_WORK ORDER_
Omit every picture and return the rest of the data unaltered.

_DATASET SECTION_
--------------------------------------------------

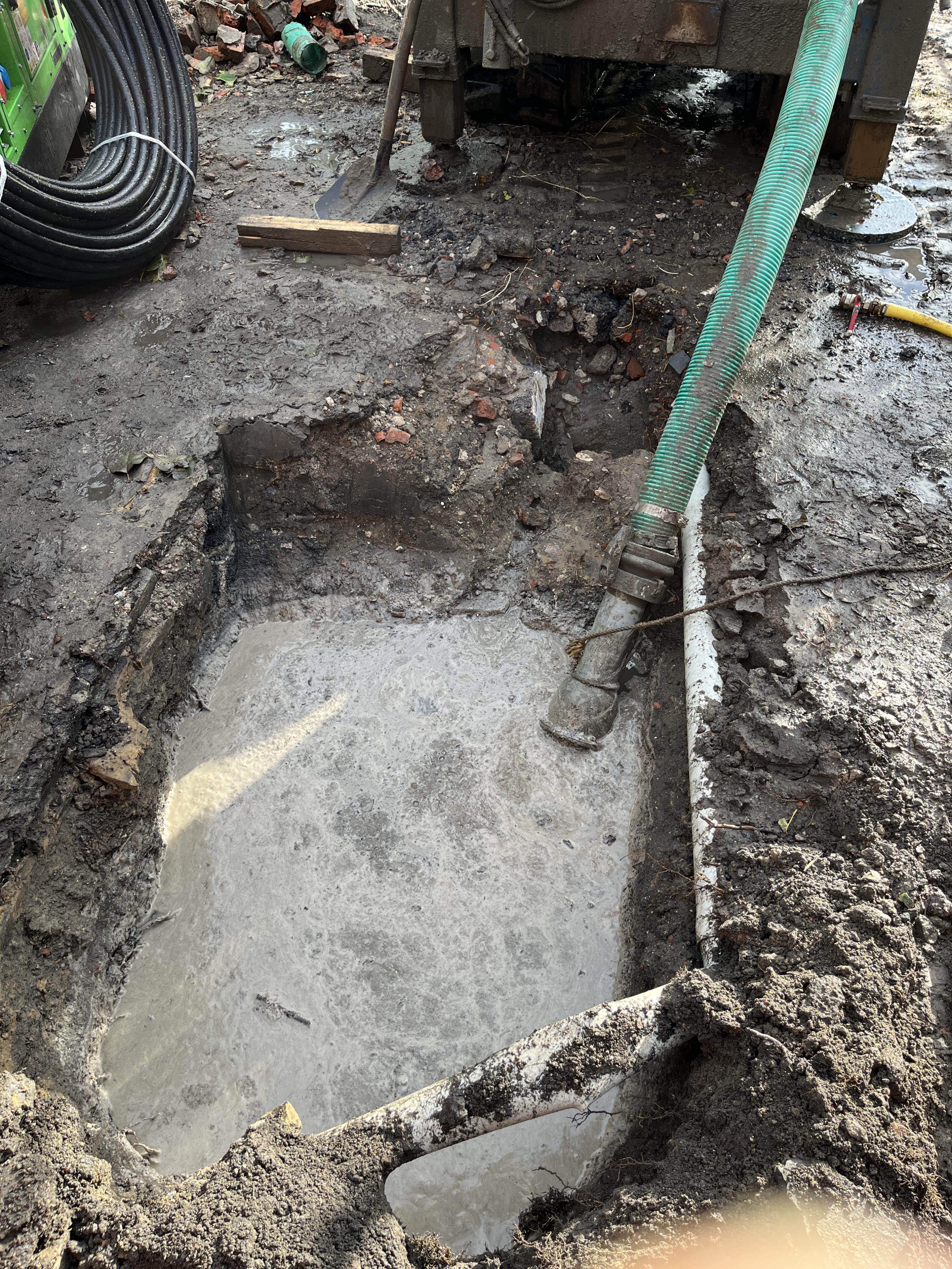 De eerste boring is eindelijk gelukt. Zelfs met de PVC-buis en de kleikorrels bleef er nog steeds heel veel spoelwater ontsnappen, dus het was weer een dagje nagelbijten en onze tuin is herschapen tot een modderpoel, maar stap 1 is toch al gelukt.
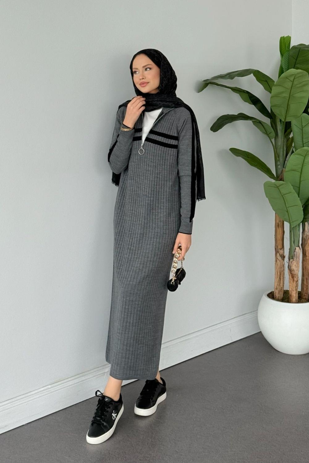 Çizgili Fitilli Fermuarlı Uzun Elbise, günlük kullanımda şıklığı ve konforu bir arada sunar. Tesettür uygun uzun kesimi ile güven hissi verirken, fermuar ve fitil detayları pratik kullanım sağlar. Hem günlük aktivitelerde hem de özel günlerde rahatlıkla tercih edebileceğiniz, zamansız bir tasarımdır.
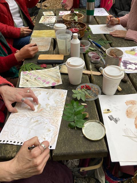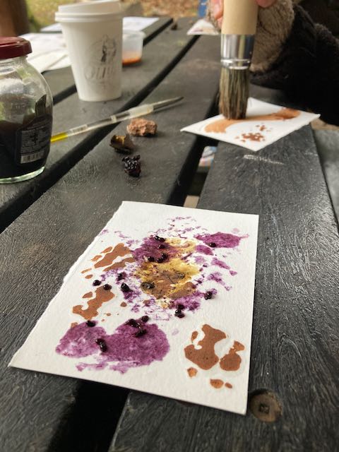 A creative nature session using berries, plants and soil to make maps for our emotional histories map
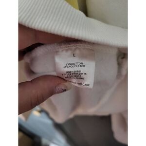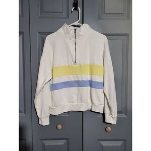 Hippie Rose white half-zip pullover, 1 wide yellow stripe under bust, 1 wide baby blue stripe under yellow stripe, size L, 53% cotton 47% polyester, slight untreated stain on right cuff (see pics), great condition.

--------------------------------------------------

_PROBLEM SOLUTION_
 De eerste boring is eindelijk gelukt. Zelfs met de PVC-buis en de kleikorrels bleef er nog steeds heel veel spoelwater ontsnappen, dus het was weer een dagje nagelbijten en onze tuin is herschapen tot een modderpoel, maar stap 1 is toch al gelukt.
 Çizgili Fitilli Fermuarlı Uzun Elbise, günlük kullanımda şıklığı ve konforu bir arada sunar. Tesettür uygun uzun kesimi ile güven hissi verirken, fermuar ve fitil detayları pratik kullanım sağlar. Hem günlük aktivitelerde hem de özel günlerde rahatlıkla tercih edebileceğiniz, zamansız bir tasarımdır.
 A creative nature session using berries, plants and soil to make maps for our emotional histories map
 Hippie Rose white half-zip pullover, 1 wide yellow stripe under bust, 1 wide baby blue stripe under yellow stripe, size L, 53% cotton 47% polyester, slight untreated stain on right cuff (see pics), great condition.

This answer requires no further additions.